During an anti-Macron Labor Day protest in Montbard in eastern France on May 1, retired social security worker Françoise Lassalle said she’d had enough of the president after backing him twice to keep Le Pen out.
“He’s treating us like we’re filth,” she said. “I can’t do it anymore. If they want the blond lady to win power, then so be it.”
Since taking the helm of her father’s party in 2011, Le Pen has insisted more on social welfare and the need to woo modest voters disappointed by the left after the Socialists were all but wiped out by Macron’s rise.
“Macron said that if his government doesn’t respond to the concerns of the French, they won’t be able to block the RN,” Le Pen said in a recent interview on Sud Radio. “That seems obvious to me: If there was no insecurity in our country, if wages were high enough to live on, if public services were working, if our industry was booming, yes, of course, even I would go fishing.”
To capitalize on the pensions controversy, she’s promising to allow people who started work early to retire at 60 if they’ve worked for 40 years, a measure that will capture more blue-collar workers than white-collar.

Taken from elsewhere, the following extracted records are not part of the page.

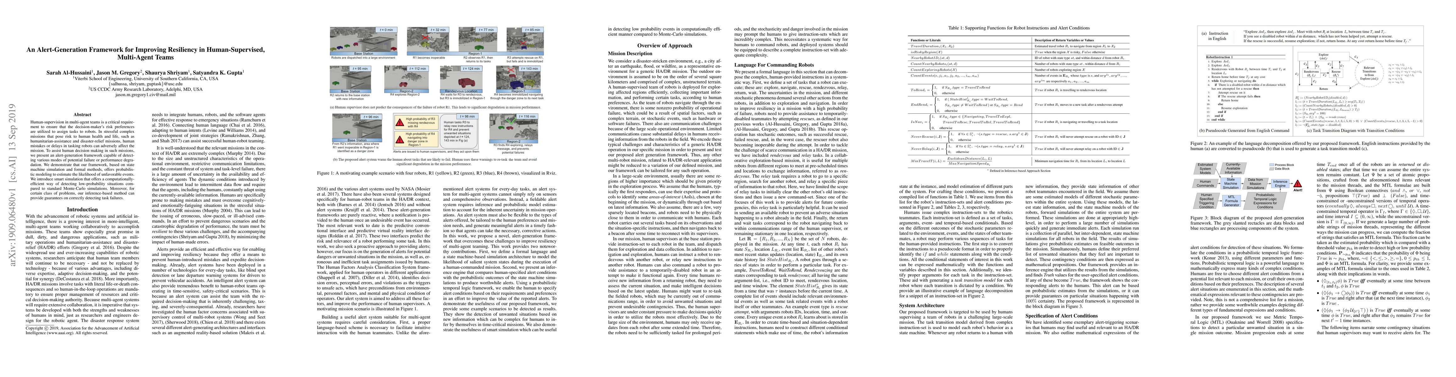 Human-supervision in multi-agent teams is a critical requirement to ensure that the decision-maker's risk preferences are utilized to assign tasks to robots. In stressful complex missions that pose risk to human health and life, such as humanitarian-assistance and disaster-relief missions, human mistakes or delays in tasking robots can adversely affect the mission. To assist human decision making in such missions, we present an alert-generation framework capable of detecting various modes of potential failure or performance degradation. We demonstrate that our framework, based on state machine simulation and formal methods, offers probabilistic modeling to estimate the likelihood of unfavorable events. We introduce smart simulation that offers a computationally-efficient way of detecting low-probability situations compared to standard Monte-Carlo simulations. Moreover, for certain class of problems, our inference-based method can provide guarantees on correctly detecting task failures.
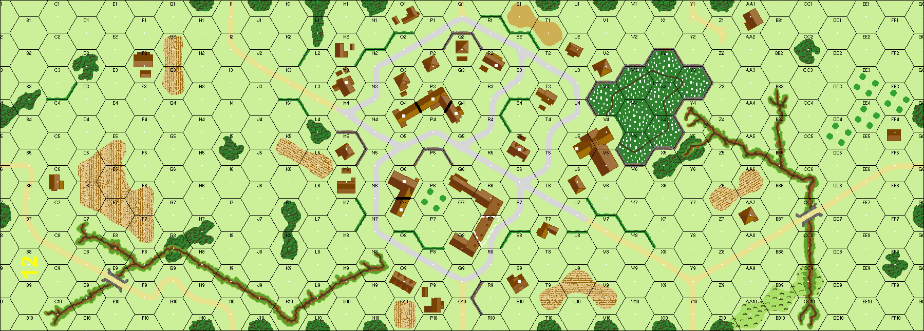 | Misc Rules: | All buildings Wooden, H-t-H Combat. A: SS ELR is 2 w D: 2 Roadblocks |
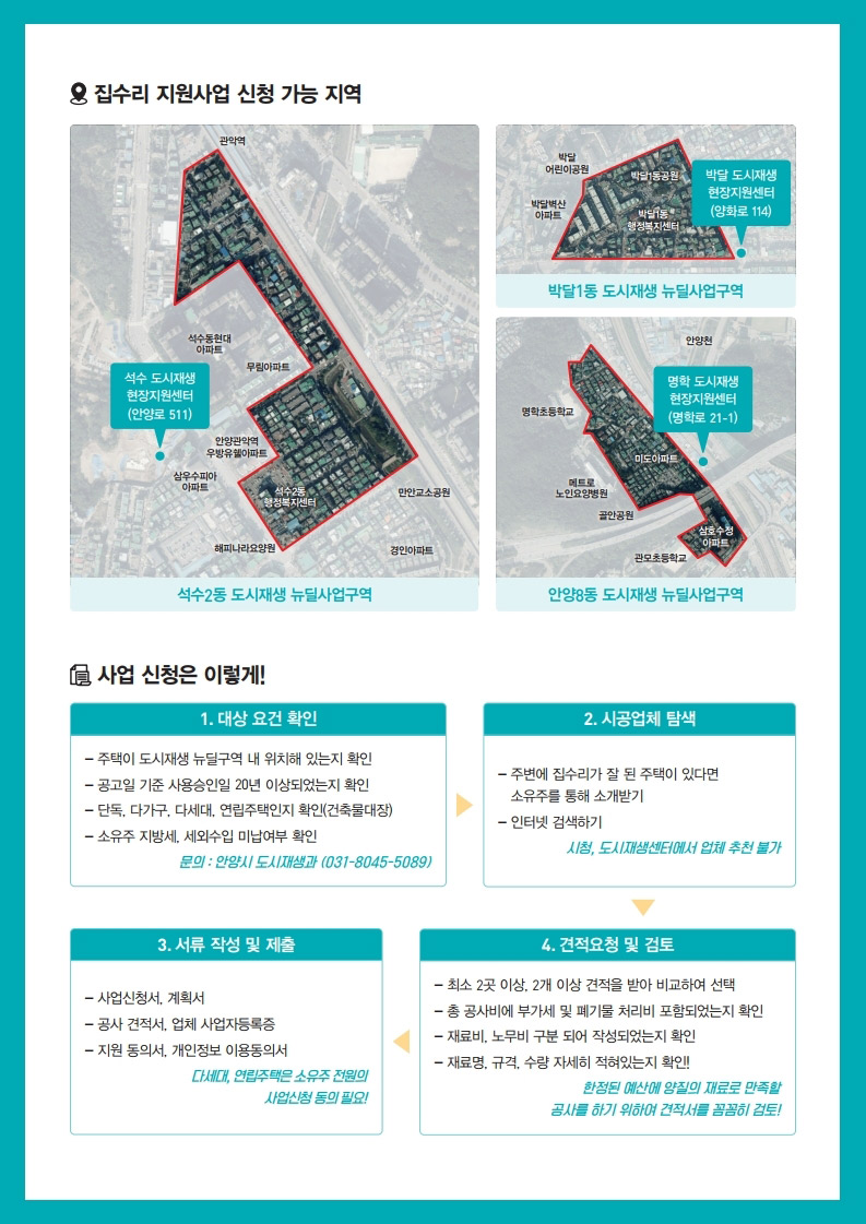 대상은 안양8동, 박달1동, 석수2동 등 3개 지역의 도시재생 뉴딜사업 구역 내 소재한 20년 이상 단독.다가구.다세대.연립주택입니다.
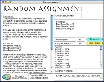 Random Assignment Researchers are often faced with the task of randomly assigning subjects to experimental conditions. This program makes random assignments of numbered subjects to experimental groups coded by the investigator. You enter the group code identification and sample sizes. Random Assignment then randomly assigns subjects to each condition. This program was originally designed for drug trial research. Price: $39
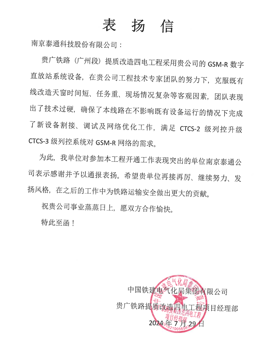近日,泰通科技收到中國鐵建電氣化局集團(tuán)有限公司發(fā)來的表揚(yáng)信。信中對公司在貴廣鐵路(廣州段)提質(zhì)改造四電工程中出色的專業(yè)能力和高效的團(tuán)隊(duì)協(xié)作表達(dá)了感謝,同時(shí)希望泰通科技再接再厲,在之后的工作中為鐵路運(yùn)輸安全做出更大貢獻(xiàn)。
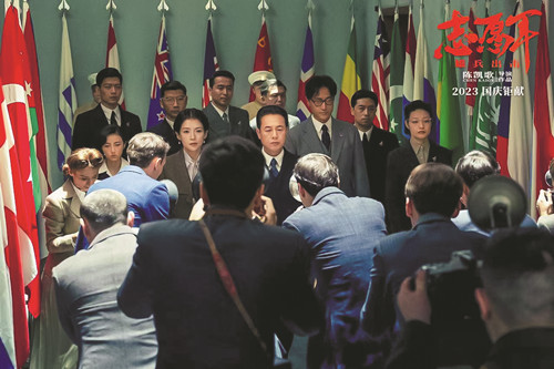 全片的新意還體現(xiàn)在著力設(shè)置一系列細節(jié),在場景和人物性格的深描上取得實效。深描,意味著不是浮光掠影式的淺層描寫,而是深刻的、富于穿透力的深度意義構(gòu)建。下面這些細節(jié)確實具有深描的力量:從麥克阿瑟在戰(zhàn)場上用白手巾擦皮鞋的細節(jié),可見出其狂妄和剛愎自用的性格;透過毛澤東與林巧稚在天安門城樓有關(guān)生命的對話,可知領(lǐng)袖的戰(zhàn)略決策有著深厚的民間輿論支撐;毛岸英臨行前同繁忙父親的隔窗遠望式道別鏡頭,傳達出領(lǐng)袖之子與民同甘共苦的意涵;由毛岸英細心開導小楊到后者主動為前者修鞋,強化上述同甘共苦意涵;彭德懷的孤軍勇闖敵軍封鎖線、怒斥梁興初貽誤戰(zhàn)機、發(fā)出“38軍萬歲”的心聲等細節(jié),刻畫出“彭大將軍”的威風;松骨峰“鐵三角”戴如義、楊少成、孫醒之間有關(guān)誰活著就把連隊帶回的商議鏡頭,凸顯我軍團結(jié)奮戰(zhàn)和前仆后繼的光榮傳統(tǒng);伍修權(quán)在首次出席聯(lián)合國大會前夕讓譯員唐笙仔細核對國家名牌的英文翻譯,透露出新中國初登世界舞臺的莊重和嚴謹;他繼而在演講中揮拳拍桌子,表現(xiàn)了我方的自信和自強;松骨峰上虛擬出的一棵松造型,可以有效地滿足觀眾看到此景時油然而生的敬仰英雄之情懷。透過這些細節(jié),毛澤東的雄才大略、毛岸英的純真善良和平易近人、彭德懷的英勇無畏和粗中有細、梁興初的知恥后勇、松骨峰“鐵三角”的鐵膽忠魂、伍修權(quán)的正義凜然和細心謹慎等獨特性格特征,宛如浮雕般凸顯出陽剛而壯麗的風采。

“I consider her to be an intelligent political adversary,” far-left France Unbowed lawmaker Francois Ruffin told Bloomberg. “She now belongs to a party of people who think. That’s a force to reckon with.”
Potential Rivals
But potential 2027 election rivals like Ruffin are also cherry-picking elements of her rhetoric to make their own case to voters. Echoing Le Pen’s claims to have moderated her position, Ruffin brands himself a “social-democrat” and a force of “order and stability” in contrast to the months of pension unrest. An Ifop poll of 1,020 people this week for Paris Match showed he’s well-liked across the left, including 73% of Socialists and two-thirds of Greens.

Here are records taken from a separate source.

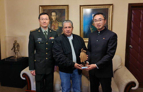 2024年5月7日,驻玻利维亚大使王亮拜会玻国防部长诺维略。
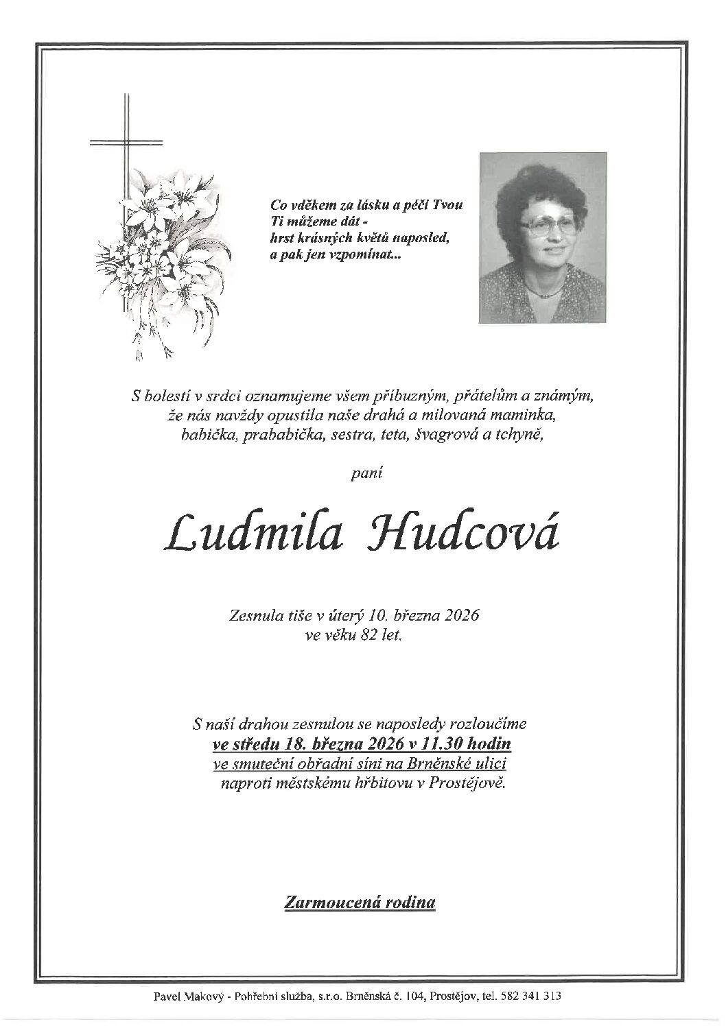 středa 18.3.2026 v 11.30 hodin OS Brněnská 104, kremaceČíst více
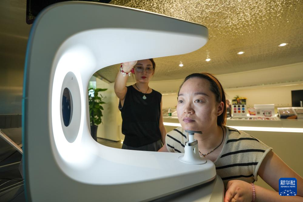 在江苏丹阳一家光学科技股份有限公司,消费者在体验3D面部扫描,制作专属镜框(7月15日摄)。
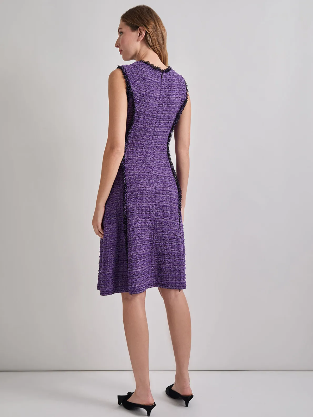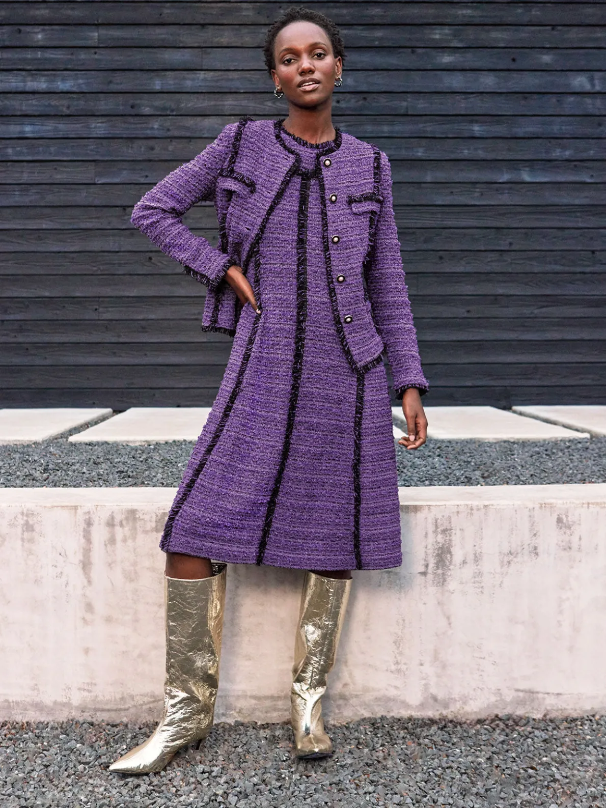 Our A-Line Princess Seam Knit Dress is the pop of color your closet needs. In our beautiful Plum Royale color, this dress features princess seams in the front and back of the garment. The eyelash trim is carried throughout the piece. Pair back with the matching jacket or wear by itself for a simple, yet effective, outfit.
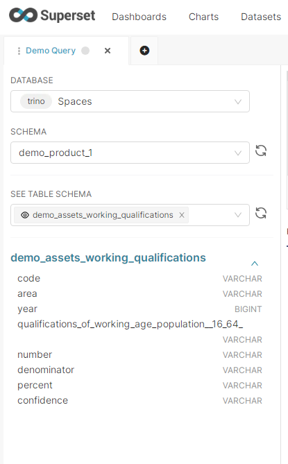 Trino | Fast Query performance, exploration and analytics (~ 10x faster than HIVE) Querying Remote Data Assets made added to a Space. | |
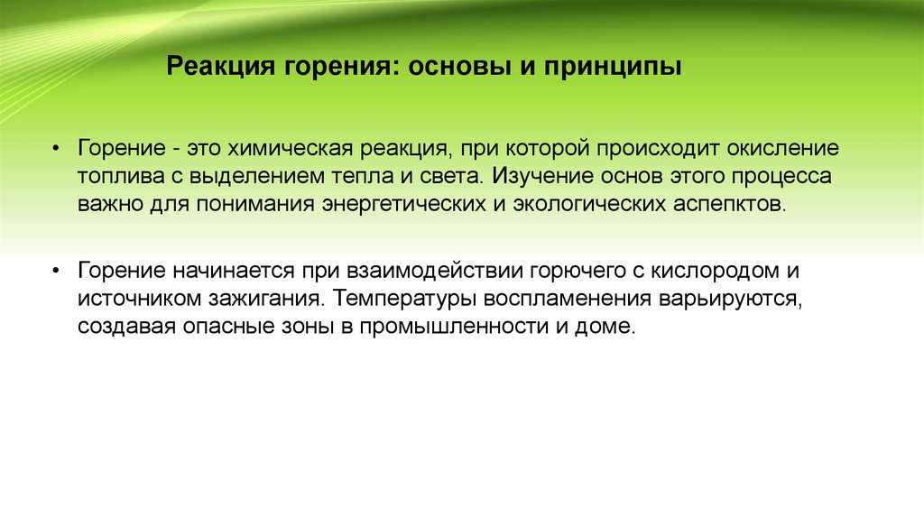 Реакция горения: основы и принципы• Горение - это химическая реакция, при которой происходит окисление
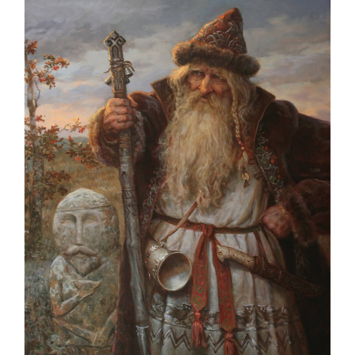 В окружающем сумраке почти ничего не видно, лишь в центре поляны едва заметно светиться столб с покатой или округлой вершиной… Я делаю шаг на саму поляну…, и в мгновение ока все проявляется в своей четкой видимости… Трава наливается соком жизни и зеленеет, ели, окружающие поляну, скидывают сумеречное обличье и предстают во всей своей зеленой величавости… Столб посреди поляны преобразился – на нем стал ясно виден вырезанный лик и весь он приобрел четкую монументальность. Какой-то дикой, необузданной и первородной силой прянуло от него…
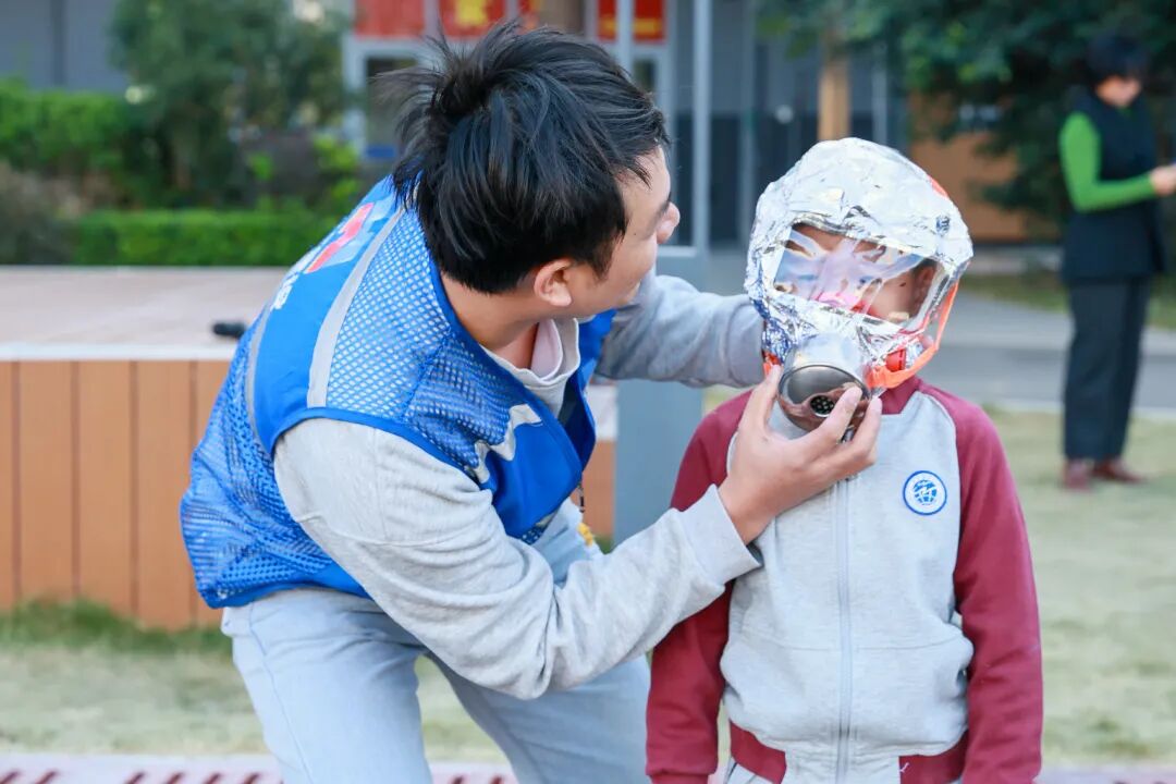 在认真观摩后,学生代表轮流上场,在工作人员的指导下进行实操,亲身体验了如何正确使用灭火器和消毒面罩。通过理论与实践的结合,师生们有效提升了消防技能水平。

Ruffin acknowledged some overlap between the electorate he’s targeting and Le Pen’s, but he argues that she will fall down when confronted with a more comprehensive pitch to blue-collar voters.
“If you scrutinize her program, she doesn’t provide answers on labor, short-term contracts, internships, fair wages, ecology or democracy,” he said. “It’s quite empty.”
–With assistance from Ainhoa Goyeneche.